And I think people don't like functional programming languages because they don't like recursion. Even cookbooks use loops!

Indeed, to me, step 1 is the hardest. Not only you need a recursive algorithm, but you also need an algorithm where memoization is possible.

Step 2 and 3 are more systematic. That is, if you understand the Fibonacci sequence example in the article, you can probably do all of the problems. It still requires training, especially if you are doing competitive programming, but it is always essentially the same thing.

Finding the algorithm is the tricky part as there is no set formula.

That's why the Fibonacci sequence is a good introduction. You know where you are starting from: part 1 is trivial as the formula is given to you. And you know where you are going, as you probably already have a good idea on how you are going to implement it iteratively. So you won't get lost in the problem solving part, which may be hard and requires a lot of attention, instead focusing on the basic technique. Once well understood, it is time to solve the actual problems, where step 1 is not trivial and where intuition is not enough for finding the final solution.

Where I have the most trouble is usually going from recursive to iterative. It's pretty easy for me to understand the recursive + memoization, but when that ends up being taken off the table due to various inefficiencies of recursion I often get a little stuck.

Yes it would be wrong in my book. First i think a obvious counter example of memoization can be used outside of dynamic programing. Otherwise you can do most dynamic programming algorithms with storing the results in a table, and searching the table afterwards for the best answer. Memoization is basically a strategy to speed up algorithms.

First i think a obvious counter example of memoization can be used outside of dynamic programing

This isn't relevant, the quesion is whether there are dynamic programming solutions which do not involve memoization.

Well, dynamic programming also tells you when you can drop your 'memoization' caches.

That's exactly how I teach dynamic programming. First solve it recursively, then add memoization (I call that top-down).

Then notice that recursion and memoization has some overhead, and construct the table from bottom-up, remove the recursive call, and voila, dynamic programming.

This sounds like a promising teaching technique. Do you have a slide deck to share? I am sure HN crowd would be interested to read.

It's in TFA...

I had a very good algorithms professor. He studied at UCLA. His classes about dynamic programming were superb. He started with a problem for which the naive solution was simple and had exponential complexity. Then he broke the problem into smaller problems and reduced the complexity to something polynomial.

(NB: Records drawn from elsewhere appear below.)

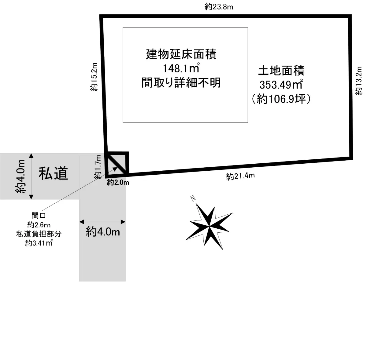 | “y’n–ÊÏ | 353.49m2(–ñ106.93’Ø)^‘¼‚ÉŽ„“¹•‰’SF3.41m2‚ ‚è |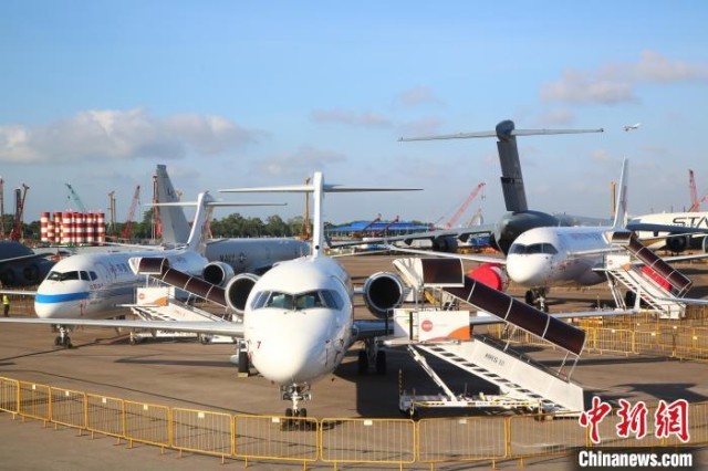 中新社北京2月20日电 (记者 孙自法)中国商用飞机有限责任公司(中国商飞)20日发布消息说,中国2架大型客机C919和3架支线客机ARJ21首次亮相当天开幕的新加坡航展,并通过馆内模型展览、室外静态展示和飞行表演等多种方式,向公众呈现中国商用飞机发展的阶段性成果。航展期间,C919和ARJ21将进行飞行表演,中国商飞还将开展专场推介活动,加强与客户和合作伙伴的洽谈交流。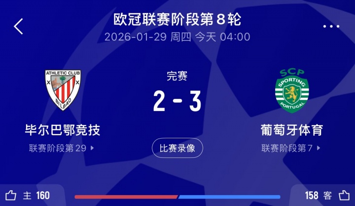 01月29日讯 欧冠联赛阶段末轮,葡萄牙体育客场3-2逆转战胜毕尔巴鄂,最终排名第七直通欧冠16强。
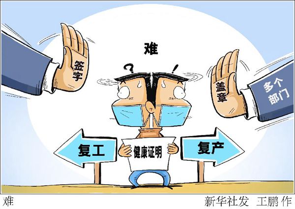 根據(jù)中央部署,全國(guó)不少地方在嚴(yán)抓疫情防控的基礎(chǔ)上,正逐步開(kāi)展復(fù)工復(fù)產(chǎn)。“新華視點(diǎn)”記者接到一些群眾和企業(yè)反映,返程上班和恢復(fù)生產(chǎn),在辦理相關(guān)證明過(guò)程中遭遇不少形式主義的煩惱。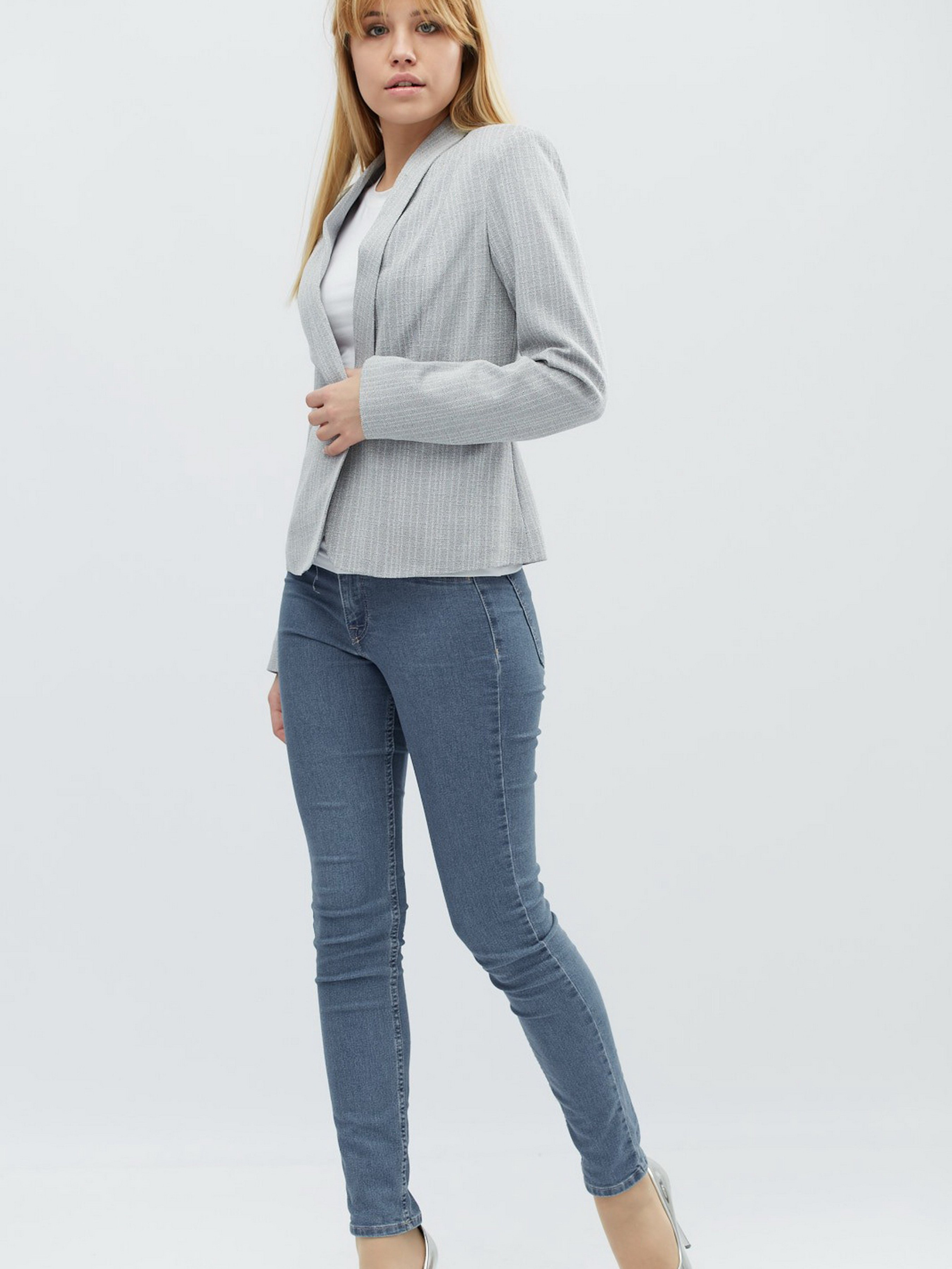 Комфортный жакет в деловом стиле. Модель прилегающего силуэта. Изделие выполнено из мягкой костюмной ткани, приятной к телу. Горловина оформлена отложным воротником.Спереди застегивается на пуговицу. По бокам – прорезные карманы. Рост модели на фото: 168 см.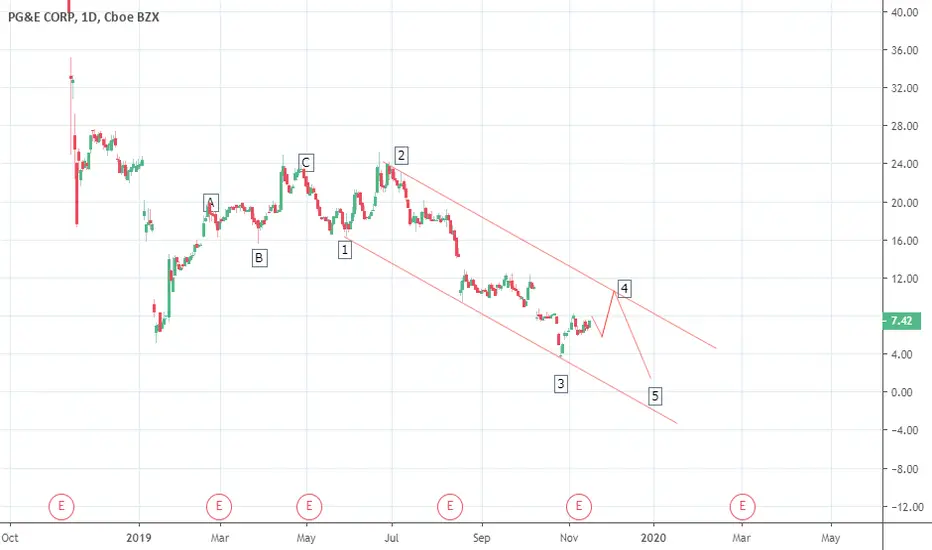 It's always important to keep an open mind. I believe this chart makes the most sense from a long to medium term stand point. If that is the case, then we are currently in wave 4 of this down move and will retrace to 10 area before falling below 3.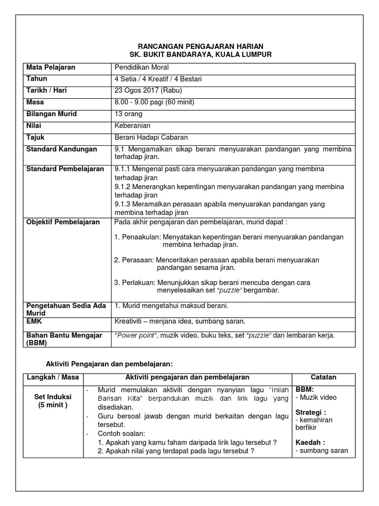Doc Rancangan Pengajaran Harian Pendidikan Moral Tahun 5 Mem Mm Academia Edu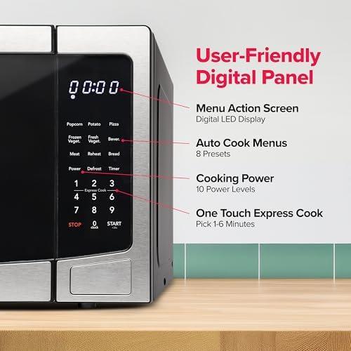 In terms of build quality, we appreciate the thoughtful attention to detail, reflecting in features like the soft-touch electronic control panel and the easily removable glass turntable. The control panel simplifies operation with convenient functions, including auto-cook menus and child safety locks, demonstrating practicality without sacrificing style. Additionally, the interior light serves a functional purpose, enabling us to check on our food without opening the door. With a powerful 1000-watt output and versatile 10 power levels, this microwave not only offers effective cooking capabilities but also stands out as a reliable appliance that fits seamlessly into our daily cooking routine.Check it out here!

Then he applied memoisation and the complexity dropped to linear.

I really would like to remember the problems he used.

Did he study under Kang at UCLA?

I don't know, but I know he studied there in late 90's or early 2000's.

I did as well in the 90s - I studied algorithms, which included dynamic programming, with Kang, who was recognized as an amazing algorithms teacher.

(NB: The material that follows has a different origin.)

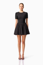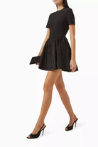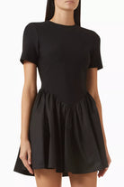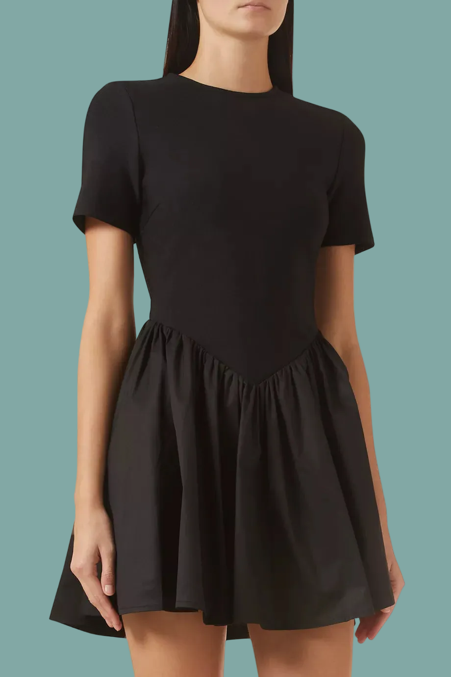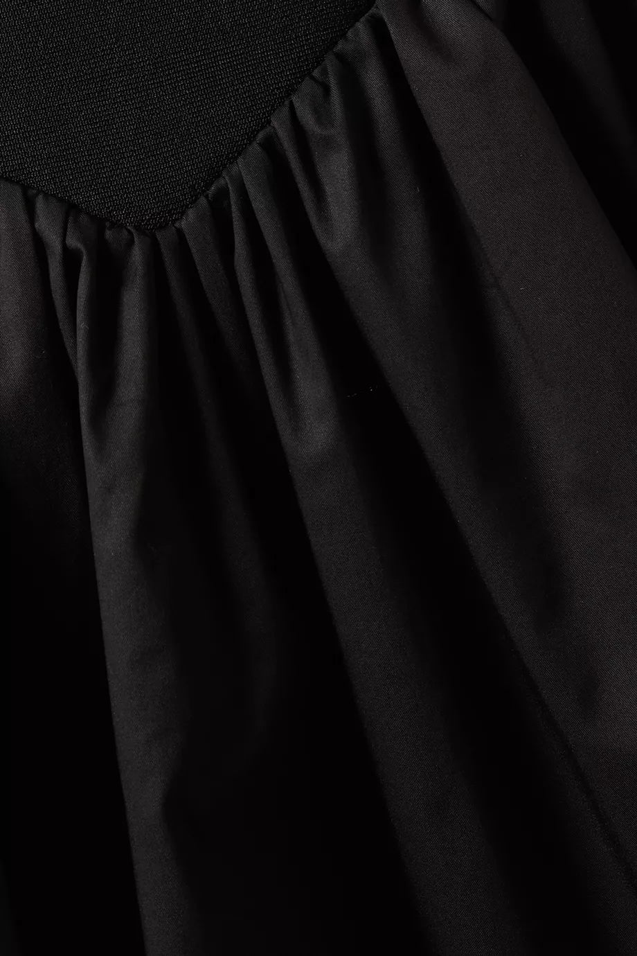 Rendered in a black hue, the dress brings a timeless elegance that complements a variety of skin tones and settings. The contrast cotton skirt introduces texture and dimension, giving the dress a unique edge. The woven cotton skirt has no stretch, creating a structured, crisp silhouette that beautifully balances the softness of the knit bodice. Thoughtfully finished with an invisible zipper at the center back for a seamless fit and side seam pockets for added functionality.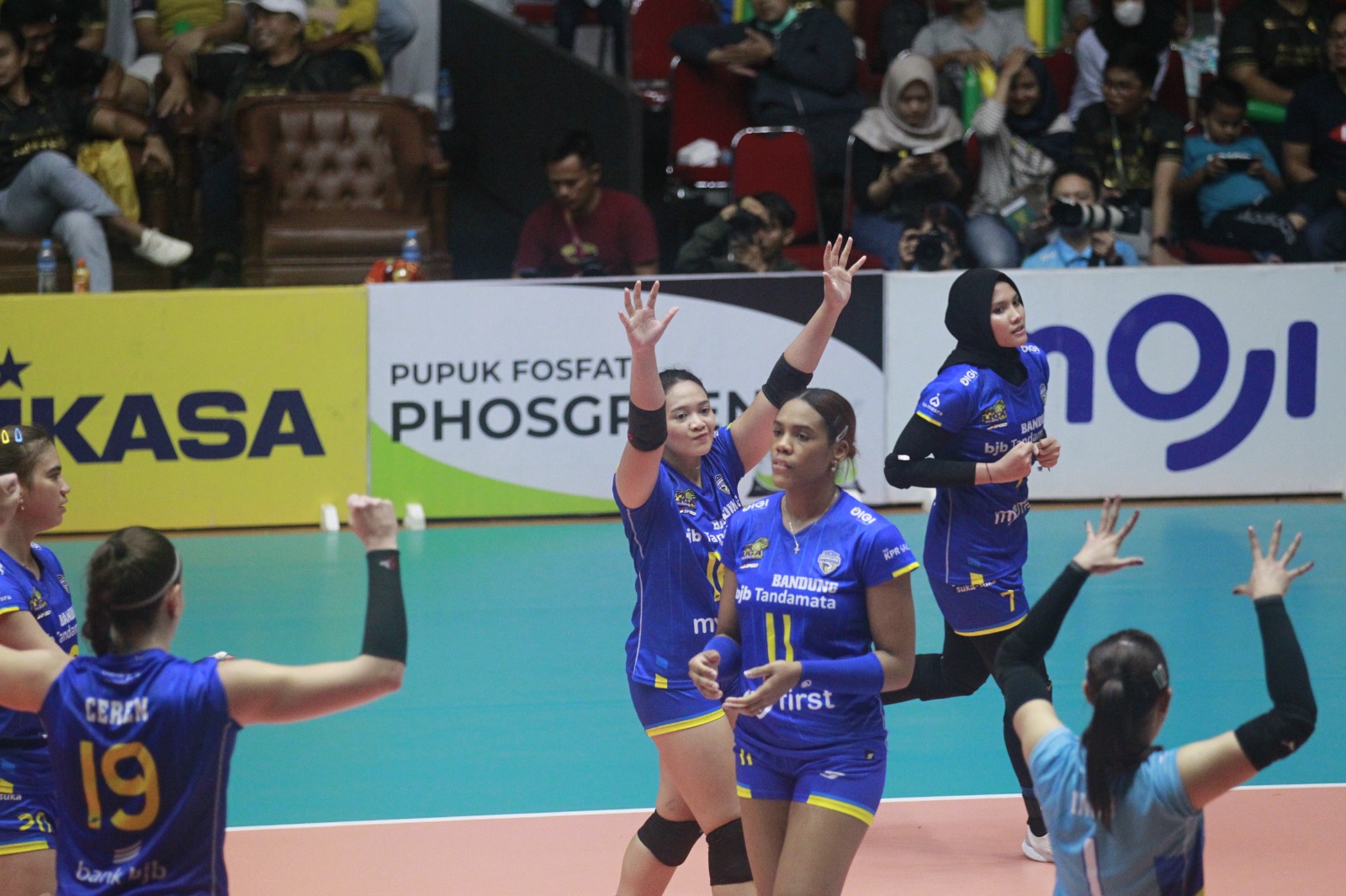 KLIKJATIM.Com | Gresik - Tim putri Jakarta Pertamina Fastron memastikan satu tempat di babak final four usai membungkam tuan rumah Gresik Petrokimia Pupuk Indonesia, dalam lanjutan PLN Mobile Proliga 2023 di GOR Tridharma Gresik, Minggu (5/2/2023). Skor berakhir 3-2 (25-23, 18-25, 23-25, 25-18, 15-12).

Maybe Eggert? He's also the chief maintainer of emacs and Linux tzdata.

1. *Fibonacci Sequence*: The classic example where the naive recursive solution has exponential complexity. By storing previously computed values (memoization), the complexity can be reduced to linear.

2. *Coin Change Problem*: Given different denominations of coins and a total amount, finding the number of ways to make the change. The naive approach is exponential, but dynamic programming reduces it to polynomial complexity.

3. *Knapsack Problem*: Particularly the 0/1 Knapsack problem, where items with given weights and values must be placed in a knapsack of a fixed capacity to maximize total value. The naive exponential solution can be optimized using dynamic programming.

4. *Matrix Chain Multiplication*: Determining the most efficient way to multiply a chain of matrices. The problem can be solved in exponential time using a naive approach but becomes much more efficient with dynamic programming.

5. *Longest Common Subsequence*: Finding the longest subsequence common to two sequences. A classic dynamic programming problem that can be solved in polynomial time.

6. *Longest Increasing Subsequence*: Finding the length of the longest subsequence of a given sequence such that all elements of the subsequence are sorted in increasing order.

7. *Shortest Path Problems*: Like the Floyd-Warshall algorithm for finding the shortest paths in a weighted graph with positive or negative edge weights.

8. *Edit Distance (Levenshtein Distance)*: Finding the minimum number of edits (insertions, deletions, substitutions) needed to change one word into another.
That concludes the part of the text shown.